Lying with Statistics:

The Case of Campaign Contributions

and Iraq Reconstruction Contracts

 

By Jack Glaser

Assistant Professor

Goldman School of Public Policy

UC Berkeley

 

This article appeared in the March 2004 PolicyMatters (Vol. 1, Issue 1, pp. 55-57)

(http://www.policy-matters.org/)

 

 


In his November 11, 2003 column in the New York Times, David Brooks provided a nice illustration of how misleading statistics can be.  Brooks cited an analysis reported by Daniel Drezner on Slate.com (Nov. 3, 2003) to conclude that "there is no statistically significant correlation" between the size of campaign contributions to President Bush and the size of contracts awarded to companies working in Iraq.  Drezner, asserting that the Center for Public Integrity, whose dataset he used, “has no evidence to support its allegations” of political favoritism, reports a correlation of .192 (small to medium in size by scientific standards) with a sample size of 70.  When Brooks and Drezner say the correlation is “not statistically significant,” they mean that it does not meet a conventional standard used to determine if a result should be relied upon.

 

Usually, we use a five percent chance of a false positive result as our cutoff, somewhat arbitrarily, to call something "statistically significant.”  This vaunted “p<.05” basically means that, based on the size of the effect and the size of the sample from which it was calculated, there is less than a .05 probability that the observed relation (correlation, difference in averages or percentages, etc.) one has obtained is merely due to chance, perhaps poor sampling, as opposed to reflecting a real state of affairs in the population in which one is interested.

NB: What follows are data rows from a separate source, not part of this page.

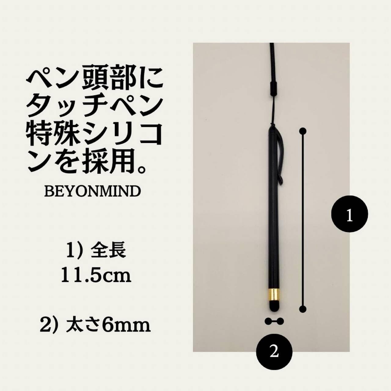 BeyonMind 紛失防止 スマホ タブレット用 タッチペン ストラップ スタイラスペン ( 最大伸長約90㎝ ) 快適な作業性の伸縮コイル / ペン先5mm 楽々入力(日本製 黒 MIND)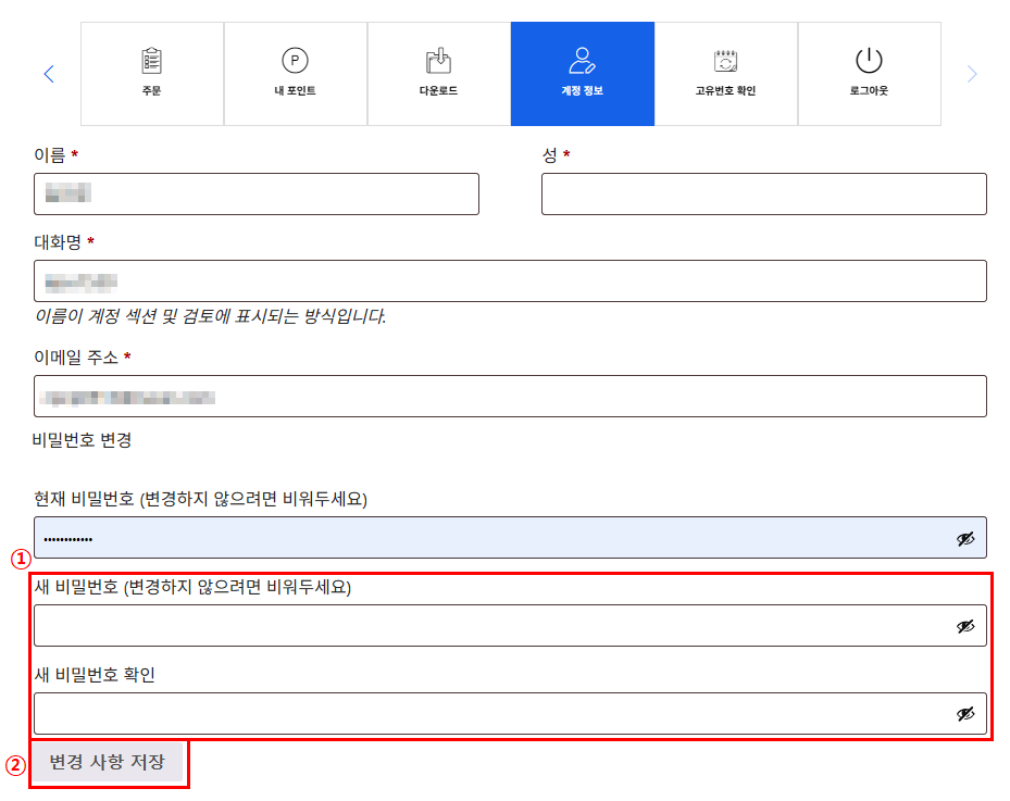 현재 비밀번호를 입력한 후, 변경을 원하시는 새 비밀번호를 입력합니다.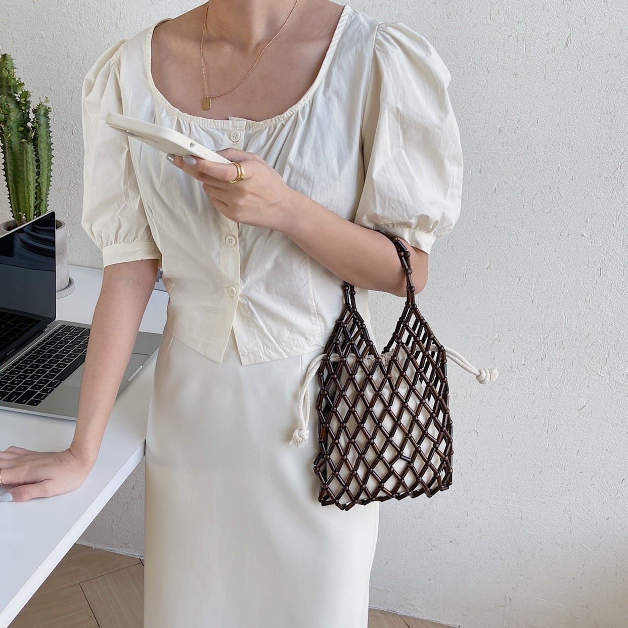 ナチュラルで可愛らしいデザインのウッドビーズバッグ。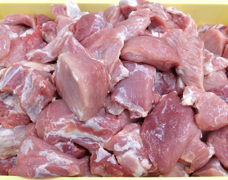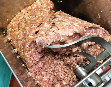![]() 鮮度の良いモモ肉と首肉をミンサーで粗挽きにします。 |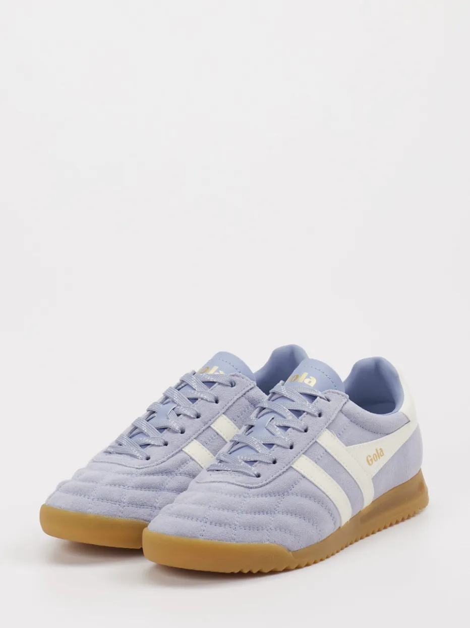 Streetstyle mit Nostalgie-Faktor. Gola präsentiert einen Retro-Sneaker für Damen und Herren, der modische Vergangenheit mit heutiger Lässigkeit verbindet. Ob für den Spaziergang in der Stadt oder den Weg zum Sport: Das Modell kombiniert komfortables Veloursleder mit einer weich genarbten Oberfläche und unterstützt durch seine flache, runde Form einen lässigen Auftritt. Der unifarbene Look in Lavendelblau wird durch cremeweiße Seitenstreifen und eine honigfarbene Gummisohle im Vintage-Look wirkungsvoll ergänzt. Goldgeprägte Logos und ein gepolsterter Schaftrand setzen stylishe Akzente. Ideal für Freizeit-Outfits mit Pastelltönen oder sportiven Basics. Gola vereint Retro-Charakter mit authentischem Streetwear-Stil und hohem Tragekomfort.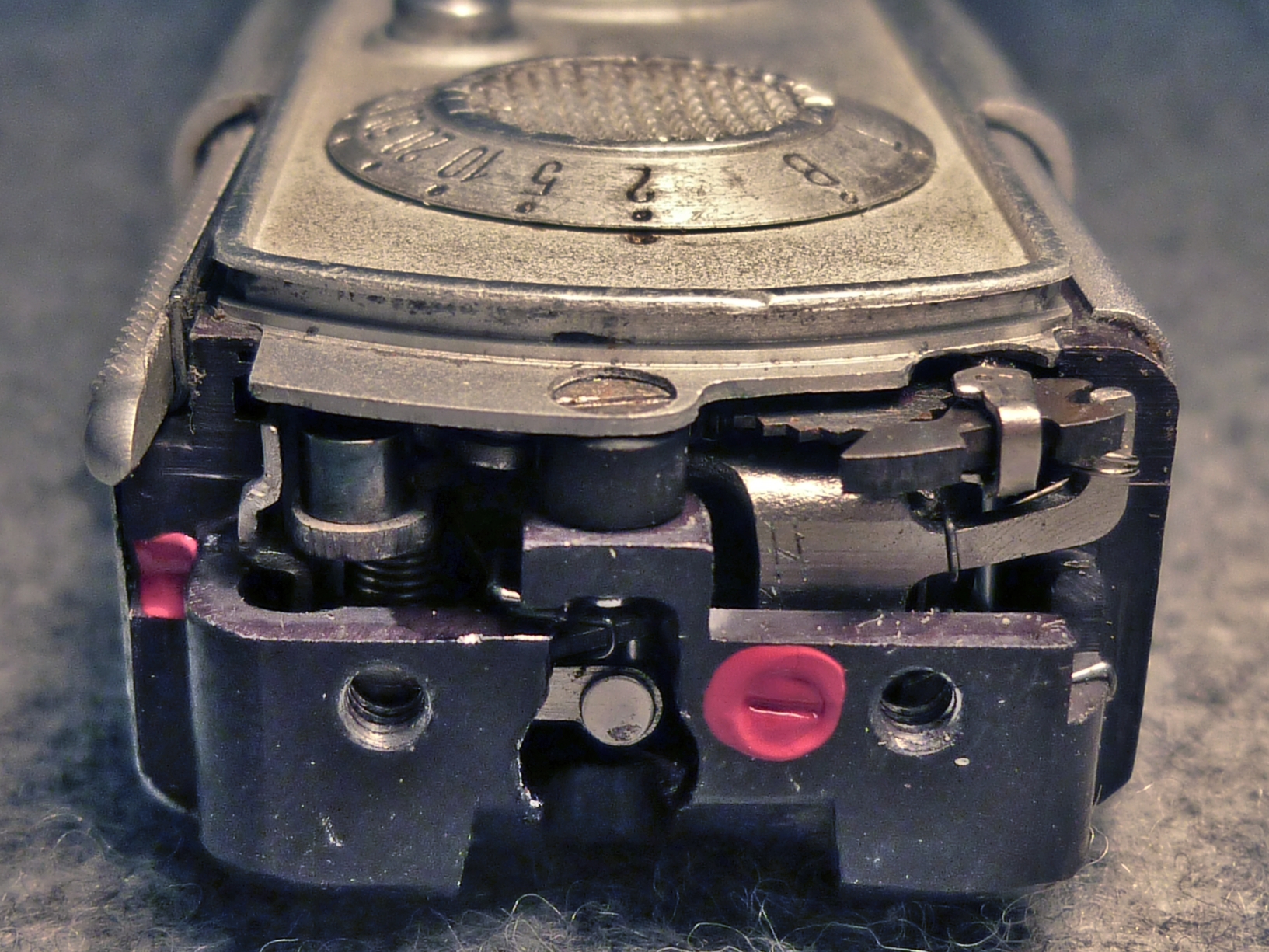 Wie habe ich es gemacht? Es galt, die Kamera so wenig wie möglich zu öffnen bzw. zu demontieren, um auf keinen Fall die Verschlusslamellen zu beschädigen. Diese sind nämlich über zwei Zugfedern direkt an der Zahnstange befestigt, die beim Auseinanderziehen des Gehäuses den Verschluss spannt, das Hemmwerk zurücksetzt und den Film transportiert. Die Befestigung der Zahnstange am Gehäuse kann nur ohne Sicht bei gespanntem Verschluss gelöst werden, was dazu führen kann, dass die Spannung auf die Lamellen schlagartig nachlässt. Das Risiko, dabei die nur 0,04 mm (!) dünnen und 0,08 g leichten Lamellen zu beschädigen, ist groß.

There seems to be something about a one-in-twenty chance that people are comfortable with.

 

The significance level for Drezner’s .192 correlation would be .056[1] (meaning a 5.6% chance that the relation observed in the sample does not reflect a real one in the population).  But it is irresponsible to utterly dismiss a finding that comes that close.  There is no magical difference between a .05 probability and a .056 probability!  Would you disregard a result with a p-value of .051, but take your .049 to the bank?

 

Policy analysts should be especially wary of falling prey to .05 demagoguery. Our samples are often small, and smaller samples have higher p-values.  It is our job to make accurate assessments and projections, and significance testing is useful in giving us a sense of the confidence we can have in our results, but it should not necessarily lead us to reject useful information based on inflexible adherence to an arbitrary standard.  On the other side of the spectrum, many samples are so large that even trivial effects are “statistically significant,” but they may not be meaningful.  Rigid use of the p<.05 criterion to determine if something is worth reporting can prove misleading under these conditions as well.

 

The eminent psychologist and statistician, Jacob Cohen, in fact, published a forceful essay challenging the orthodoxy of the .05 criterion.  He titled the paper, with tongue firmly planted in cheek, “The Earth is Round (p<.05).”  As a result of efforts by Cohen and other respected statisticians, social scientists are moving away from an over-reliance on p-values, focusing increasingly on the actual size of the effects in question, whether or not they replicate, and other approaches.

 

Brooks’s second-hand report skipped over the correlation coefficient, so those who don’t read Slate didn’t even have a chance, unless they went snooping, to judge the effect size for themselves or see just how not statistically significant it was.  This further illustrates the pitfalls of judging results by the dichotomous standard of whether the p-value is greater than or less than .05.  Once an effect gets tagged “not significant” it loses all nuance.

 

Having said all that, the point is somewhat moot.  Huh?  Why?  Because in Drezner's analysis he was not really working with a "sample" but rather with the data from essentially the whole "population" (or very close to it) of contractors working in Iraq.  Remember, the point of significance testing – of calculating that p-value – is to generate an estimate of how likely it is that the result observed in the sample is representative of the population.  So with population data it is meaningless to engage in this kind of significance testing.  The correlation is what it is.  The one in question, .192, is not huge (indeed there must be many other factors, such as appropriateness of capabilities and negotiating skills, that predict contract size) but it's clearly greater than zero.

 

People who question that there is a quid pro quo in Iraq reconstruction contracting would be well advised to conduct an analysis that takes into account the size of the companies in question.  Bigger companies are more likely to give bigger contributions and get bigger contracts (although General Electric is a gargantuan company that made mammoth campaign contributions but got relatively small contracts, perhaps merely due to a mismatch of capabilities and needs, so that may undermine such an attempt).

 

There must be many factors that contribute to whether or not a company is awarded a contract and the size of the contract.  Careful consideration of such factors might indeed explain away any observed correlation between campaign contribution and contract size.  But until then the most reasonable interpretation of Drezner’s result as reported in Slate (and misused in The New York Times and elsewhere) is simply that there is a relation between campaign contributions and contract size, and it should not be so readily dismissed by statistical sleight (or Slate?) of hand.



[1] This is a “one-tailed” p-value, which is appropriate because there is a clear, a priori directional claim (that the correlation is greater than zero) that is being tested.